Les acides aminés ne sont pas les seuls ingrédients de la vie qui se sont révélés résistants à l’acide sulfurique : L’équipe a déjà montré que certains acides gras et acides nucléiques présentaient une stabilité similaire. Les scientifiques font cependant une distinction très prudente à garder à l’esprit : « la chimie organique complexe n’est bien sûr pas la vie, mais il n’y a pas de vie sans elle ». Cela signifie essentiellement que les ingrédients de la vie peuvent y survivre, mais qu’il reste à voir s’ils sont réellement présents, et encore moins si l’évolution les a assemblés pour former des formes de vie. Les chercheurs reconnaissent également que la chimie réelle de l’atmosphère de Vénus est bien sûr beaucoup plus complexe que ce qu’ils ont recréé en laboratoire.

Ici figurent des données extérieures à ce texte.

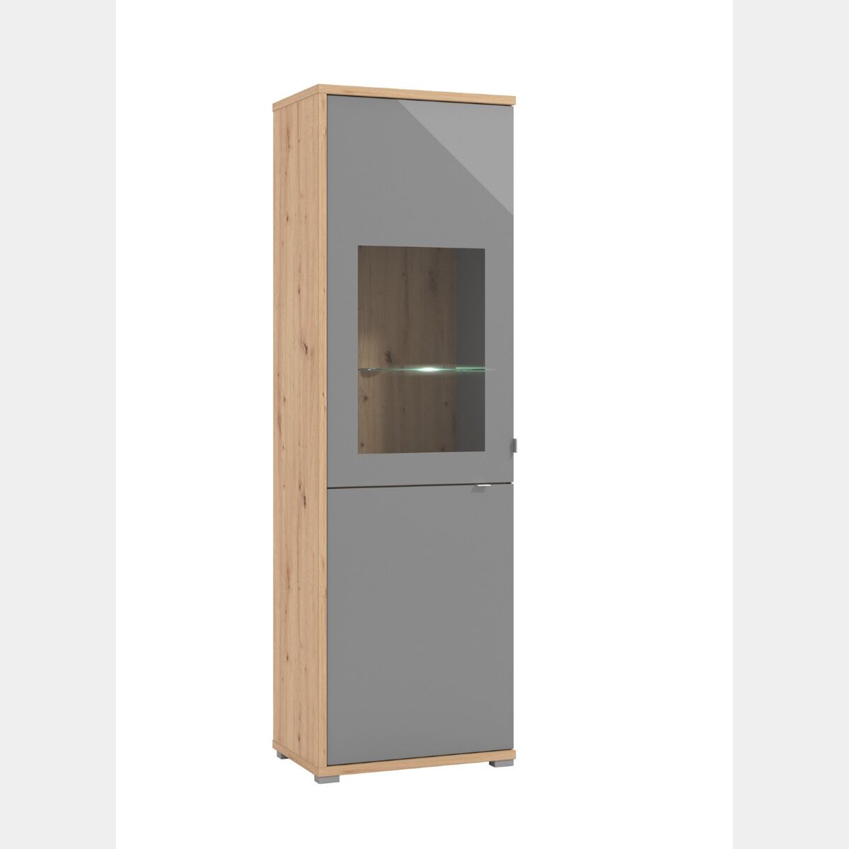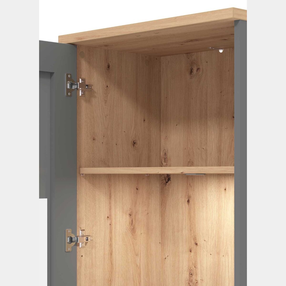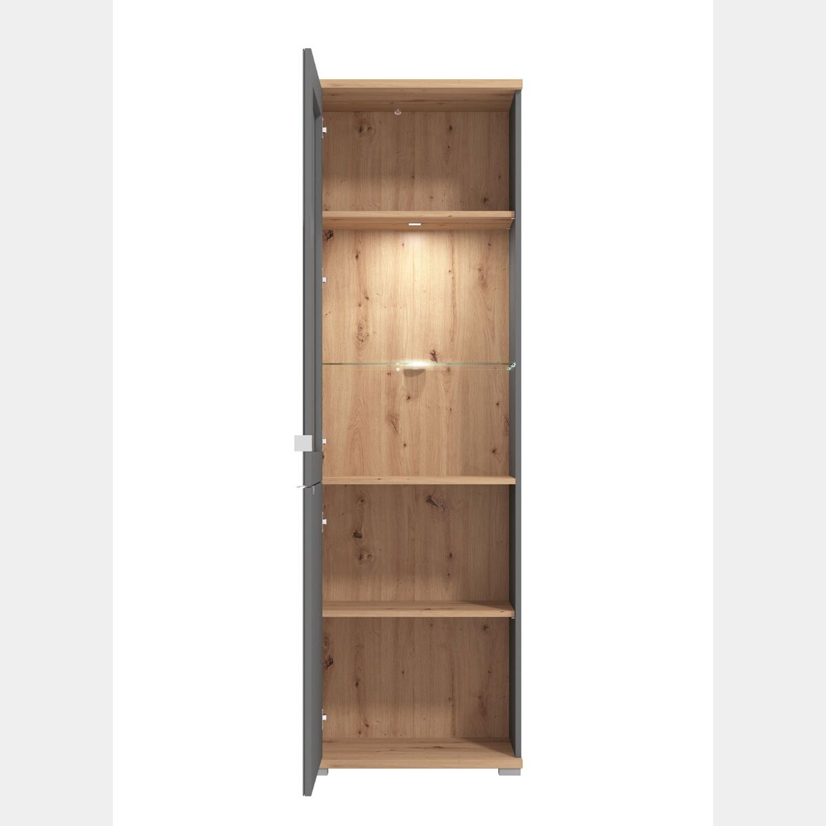 La vetrina è caraterizzata da un design moderno dalle linee geometriche chiare. La combinazione del legno in Rovere, che evoca il calore dell'ambiente, al vetro Grigio grafite rendono la vetrina una scelta ideale per arredare il soggiorno e la sala da pranzo. La vetrina è caraterizzata da uno spazio di archiviazione attentalmente studiato, che soddisfa le esigenze della vita quotidiana.
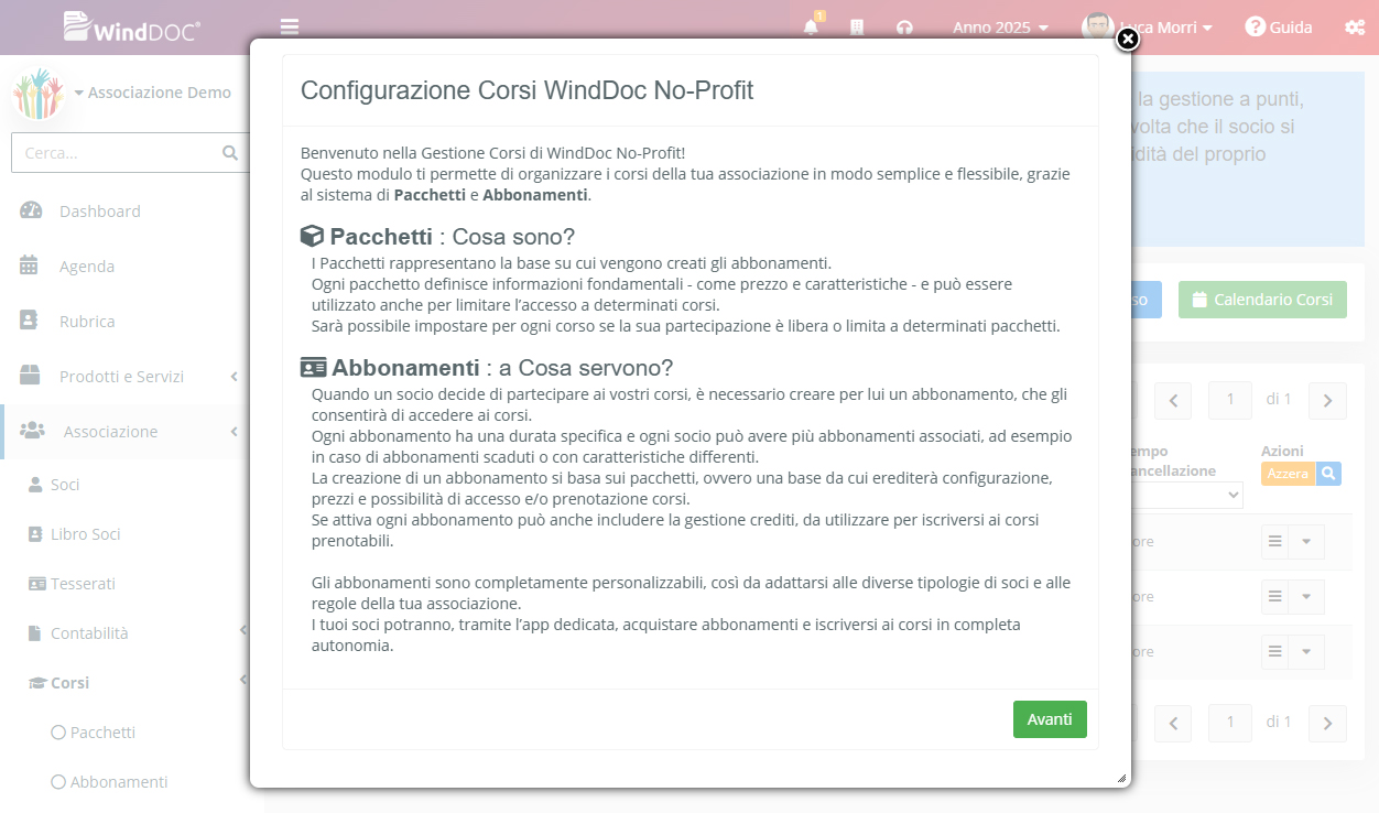 Il modulo di gestione corsi di WindDoc è progettato per semplificare l’organizzazione e la partecipazione ai corsi offerti dalla vostra associazione, garantendo un’esperienza intuitiva e flessibile per i vostri associati. Offre strumenti avanzati per amministrare e personalizzare i corsi secondo le necessità specifiche dell’associazione.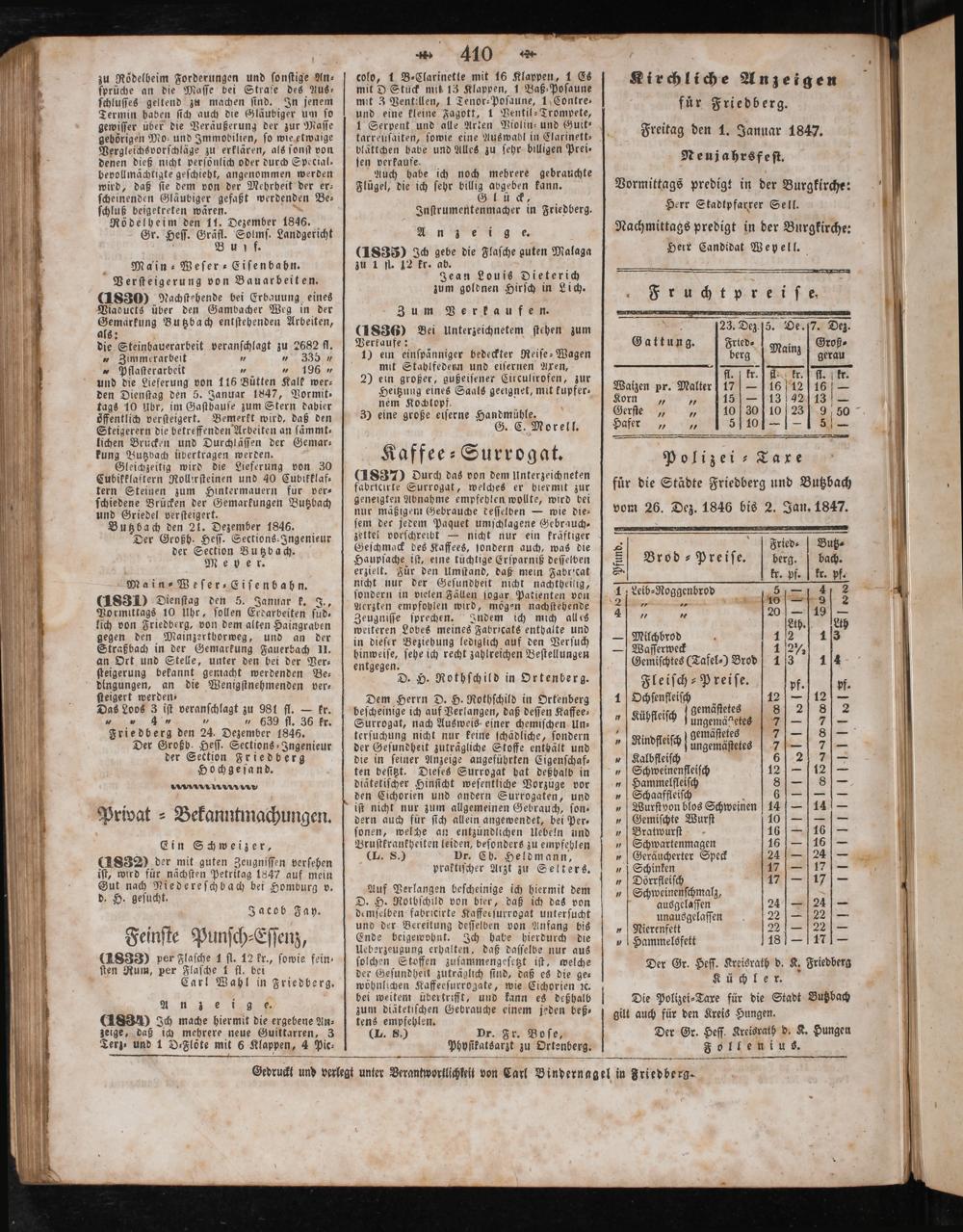 fuͤr die Städte Friedberg und Butzbach vom 26. Dez. 1846 bis 2. Jan. 1847.
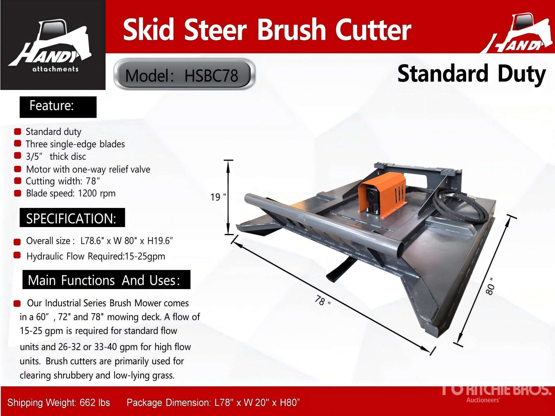 The detailed equipment information is limited in scope, and Ritchie Bros. Auctioneers has not inspected any aspects or components of the equipment other than those expressly set forth herein. Unless expressly stated, we make no representations or warranties, express or implied, concerning the equipment or its components, including without limitation any representations or warranties concerning functionality, conformity or compliance with any safety standard or requirement of any applicable authority or regulatory body, fitness for any particular purpose, or merchantability. You are strongly advised to perform your own detailed inspection of the equipment prior to bidding.
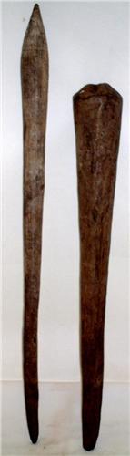 TWO EARLY FIGHTING CLUBS, of hardwood with flaring heads above a tapering shaft, weathered and encrusted, Queensland, 54 - 64cm (2) Provenance: Ex-private collection USA, originally acquired by an English family during the 1920s-1930s who are considered to have been associated with Tyrrell's Museum of Castlereagh Street, Sydney, Australia during 1929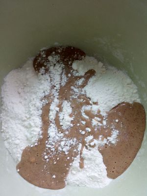 面放盆里,扒开一个洞洞,把酵母水倒进去。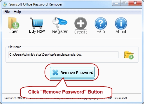 现在,单击“删除密码”按钮开始使用在线解密服务删除办公室密码,这需要您的计算机连接到互联网。该程序将立即完全删除您锁定的微软办公Word/Excel文档的密码。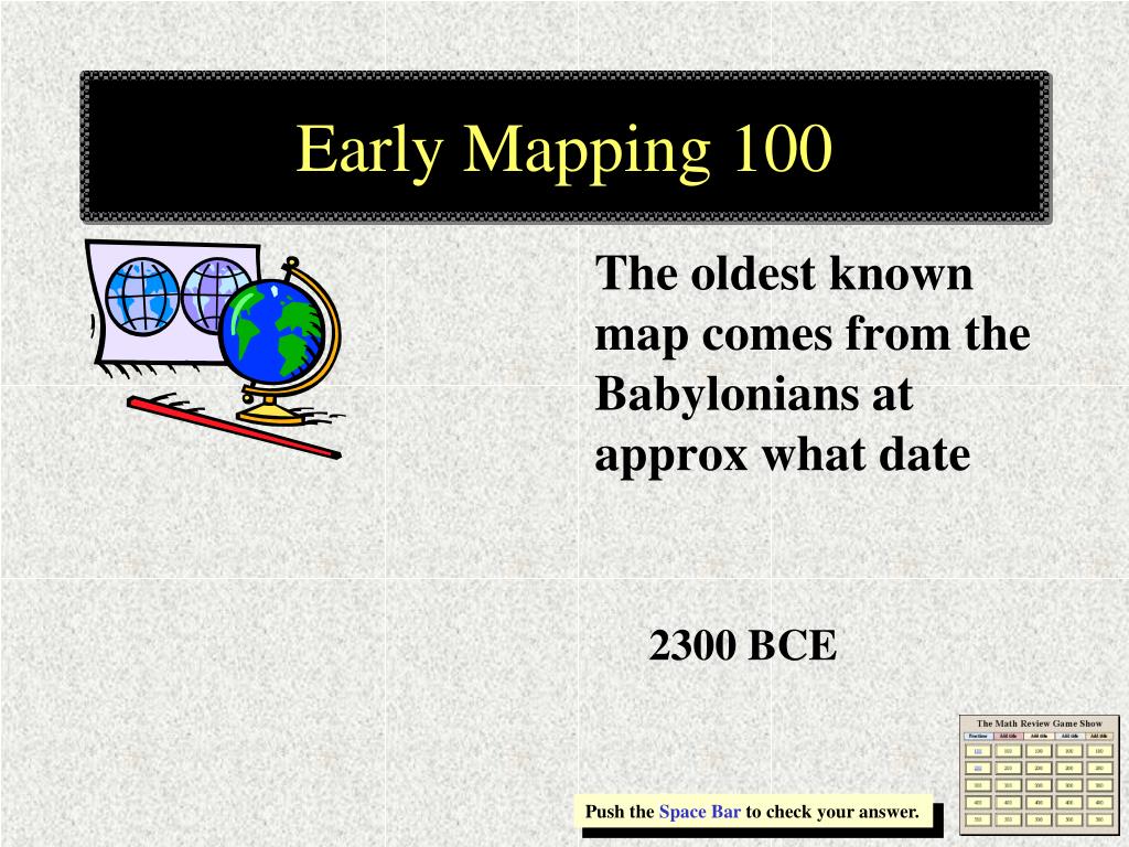 Map History 100 The first known maps were created by which ancient civilization Babylonians Push the Space Bar to check your answer.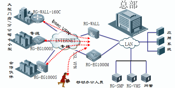 Ø 全面提供合乎客户需求的VPN解决方案,支持层面在专用的VPN设备、3G路由器、及内置流量控制EG 产品(提供多种VPN的接入方式,Ipsec、SSL VPN、多点接入VPN)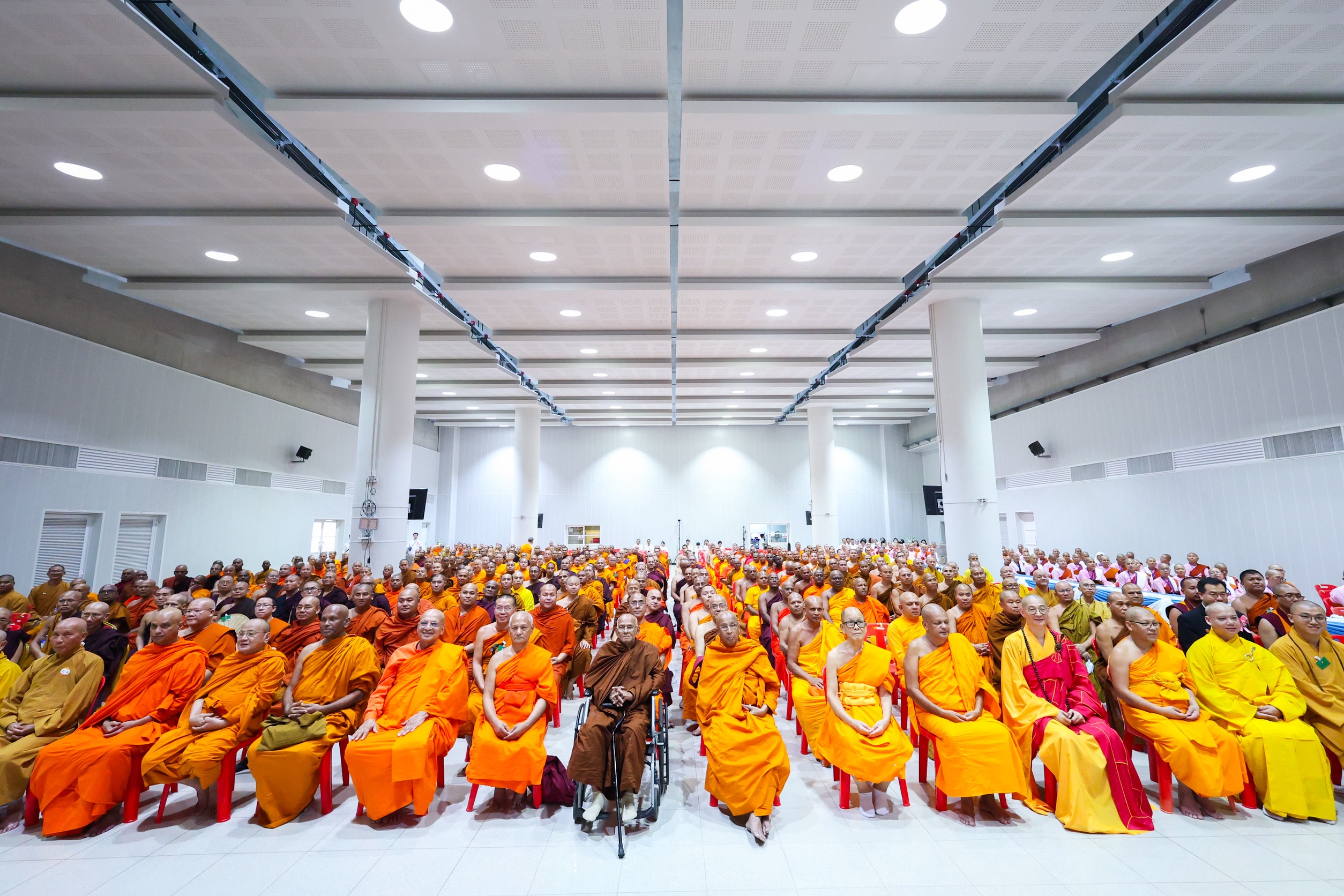 ในโอกาสอันเป็นมงคลนี้ พระราชวิเทศวชิรบัณฑิต ประธานมูลนิธิธรรมกายและผู้อำนวยการสำนักต่างประเทศ ได้มีสารยินดีต้อนรับและอนุโมทนาการสัมมนากับคณะสงฆ์นานาชาติ อ่านโดย พระพรชัย พลวธมฺโม ประธานองค์กรพุทธโลก (WAB) และ ดร.วิระศักดิ์ ฮาดดา นายก อบต.คลองสาม กล่าวต้อนรับในฐานะผู้แทนชุมชนเจ้าของพื้นที่ จากนั้น พระครูสมุห์สนิทวงศ์ วุฑฺฒิวํโส เป็นผู้แทนวัดพระธรรมกาย รับมอบถวาย “พระพุทธรูปแก้วใส” ซึ่งเป็นของขวัญพิเศษจาก Most Ven. Dahui ประธานสมาคมพุทธศาสนาแห่งไถจง เพื่อถวายแด่ หลวงพ่อธัมมชโย ด้วย รวมถึง ดร. เอ็มเค โอตานี่ ที่ปรึกษากระทรวงวัฒนธรรมอินเดีย ถวายภาพวาดหลวงพ่อธัมมชโย

Cette étude donne un peu de poids au « oui » dans le débat actuel sur la vie sur Vénus, mais il semble malheureusement que le « non » l’emporte pour l’instant. L’une des plus passionnantes découvertes de ces dernières années a été réalisée en 2020, lorsque des astronomes ont annoncé avoir détecté de la phosphine dans l’atmosphère vénusienne, une substance chimique rare qui, sur Terre, est principalement produite par des microbes anaérobies. Cependant, une étude ultérieure a révélé que la signature était plus probablement du dioxyde de soufre commun. D’autres études ont conclu que Vénus ne contenait pas suffisamment d’eau pour permettre la vie et qu’il manquait d’autres biosignatures attendues.
Quoi qu’il en soit, nous pourrions en avoir le cœur net plus tôt que tard. La prochaine mission Venus Life Finder prévoit l’envoi d’une sonde spatiale afin d’explorer ces nuages acides à la recherche de signes de vie. Le lancement de cette mission est prévu pour la fin de l’année 2024.
L’étude publiée dans la revue Astrobiology : Stability of 20 Biogenic Amino Acids in Concentrated Sulfuric Acid: Implications for the Habitability of Venus’ Clouds et présentée sur le site du Massachusetts Institute of Technology : Study: Life’s building blocks are surprisingly stable in Venus-like conditions.